Thursday, May 29, 2014

Summer 2014: Magnets, DNA, and Fun!

Abby and Steve hard at work in our newly created student office!
The summer has begun with two great new students (and the same old professor). We have a couple of great projects going on this summer from building a new instrument from the ground up to continuing our quest to understand the physics behind DNA packing! (In fact they have gotten some posts in ahead of me below.)

From Pelta et al., Journal of Biological Chemistry, 1996
Abby Bull will be working on the DNA packing part of things. In particular she will be trying to understand the graph at the right. What this is showing is that as cobalthexammine (the chemical is not important, just know that it is a +3 ion) DNA clumps together (aggregates) and falls out of solution. This is surprising because relatively small amounts (~5mM from this graph) of CoHex can do this while there is no amount of +1 or +2 ions that you can add to do the same thing! It is something particular to +3 ions. (Those of you who are observant may also notice that something equally strange happens when you keep adding CoHex.)
Abby will be looking at "pellets" of DNA that are have been put in the state at the bottom of the "valley" in this graph. Ones that have condensed/aggregated/clumped together. Our collaborators at George Washington University have made these samples and then redissolved them in a different solution (in this case a highly concentrated KCl solution). They have made many of these samples, systematically changing the ratio of +3 ion (CoHex) to +1 ion (NaCl). Abby will be measuring the amount of +3 ion and +1 ion that was actually bound to the DNA when it was in its "clumpy" state. Using this, we hope to extract the physics, in particular the forces between DNA, that lead to this state. This is a follow-up on some work done previously by John Giannini in our lab that looked at the amount of +3 ions and +2 ions that were bound in the same state.

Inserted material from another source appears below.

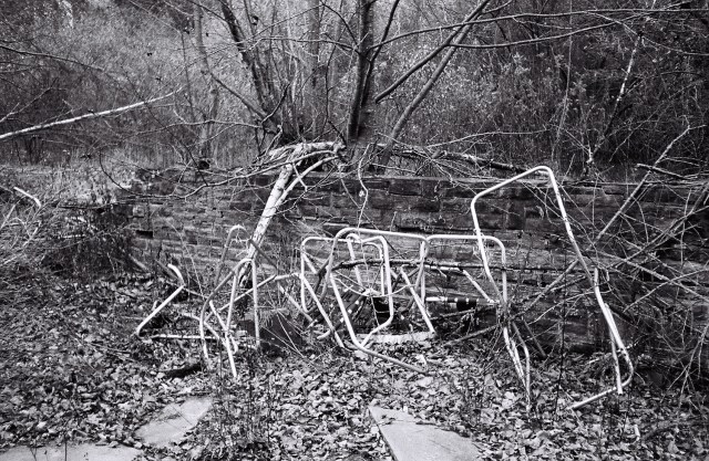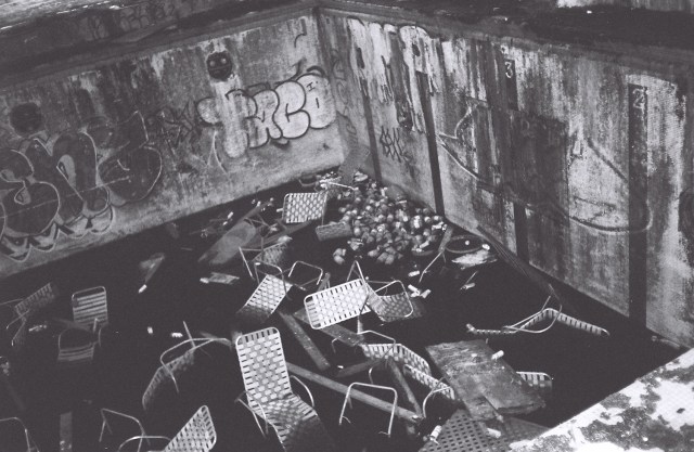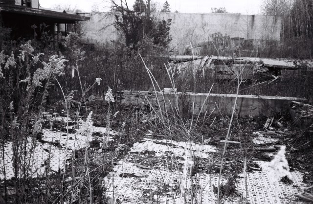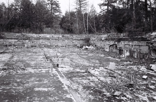 On our second visit to Grossinger, we explored the buildings with hotel rooms in greater detail, looking into each room and seeing what may have been left behind. This time around we found the outdoor pool and iceskating rink. We were sometimes restricted by unstable floors and at times we went pretty high up we didn’t want to risk falling through. Some building we didn’t even go into because they looked so caved-in. Every time we went back we saw something new. The third time back at Grossinger we went down to the basement of the pool where we found the showers and sauna. We also found the bar, which had been pretty much destroyed at that point.

Image courtesy of Wikipedia
Steve Kenyon will be working on building a magnetic tweezers setup from scratch. What are magnetic
tweezers you may ask? In magnetic tweezers, one uses small (but strong!) permanent magnets (think refrigerator magnets on steroids) to pull on small magnetic beads that are attached to the object of interest. In our case we often are pulling on DNA or DNA with other proteins interacting with it. By carefully calibrating the machine one can measure exactly how long the molecule of interest is when you pull it with a certain force. By measuring how hard it is to pull the molecule straight, we learn something about the structure of that molecule before we started pulling on it. (Just like you can tell how tangled a telephone cord is by how hard it is to pull the cord straight.) (I know those of you who are younger out there may be wondering what a "telephone cord" is. Pleas ask your parents.)
This is a pretty involved project that will involve writing a lot of computer code in a funny computer language called Labview and doing a lot of interfacing of physical instruments, motors, and cameras with the computer and the program that is running it. All-in-all a great introduction into machine design!

So, I hope you will all enjoy our journey this summer with us and hopefully will be cheering us on as we race to get all of this done before classes begin!